Work instructions:
Where the line containing "Рыбак заметил, что" appears, begin retyping; continue exactly through the final line of the data. Omit every picture.
*** Opening Dataset excerpts ***
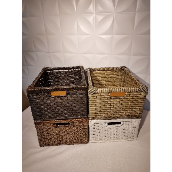 kit com 3 gaveta caixa organizadora sem tampa porta objetos para closet banheiros fibra sintético vime junco 25x29x15
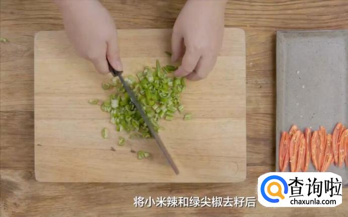 将小米椒和绿尖椒去籽后,切丁剁碎。
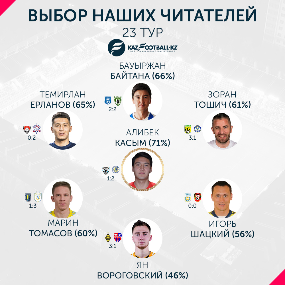 Читатели KazFootball.kz выбрали лучших игроков 23-го тура Премьер-лиги
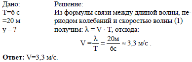 Рыбак заметил, что гребни волн проходят мимо кормы его лодки, стоящей на якоре, через каждые 6 с. Он измерил расстояние между ближайшими гребнями и нашел, что оно равно 20 м. Какова скорость волны?
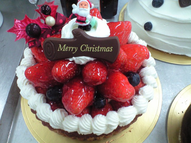 カスタードクリームをたっぶりしのばせた イチゴ盛り盛りのクリスマス用イチゴタルトですo(^-^)o
*** Closing Dataset excerpts ***
Finished task:
 Рыбак заметил, что гребни волн проходят мимо кормы его лодки, стоящей на якоре, через каждые 6 с. Он измерил расстояние между ближайшими гребнями и нашел, что оно равно 20 м. Какова скорость волны?
 カスタードクリームをたっぶりしのばせた イチゴ盛り盛りのクリスマス用イチゴタルトですo(^-^)o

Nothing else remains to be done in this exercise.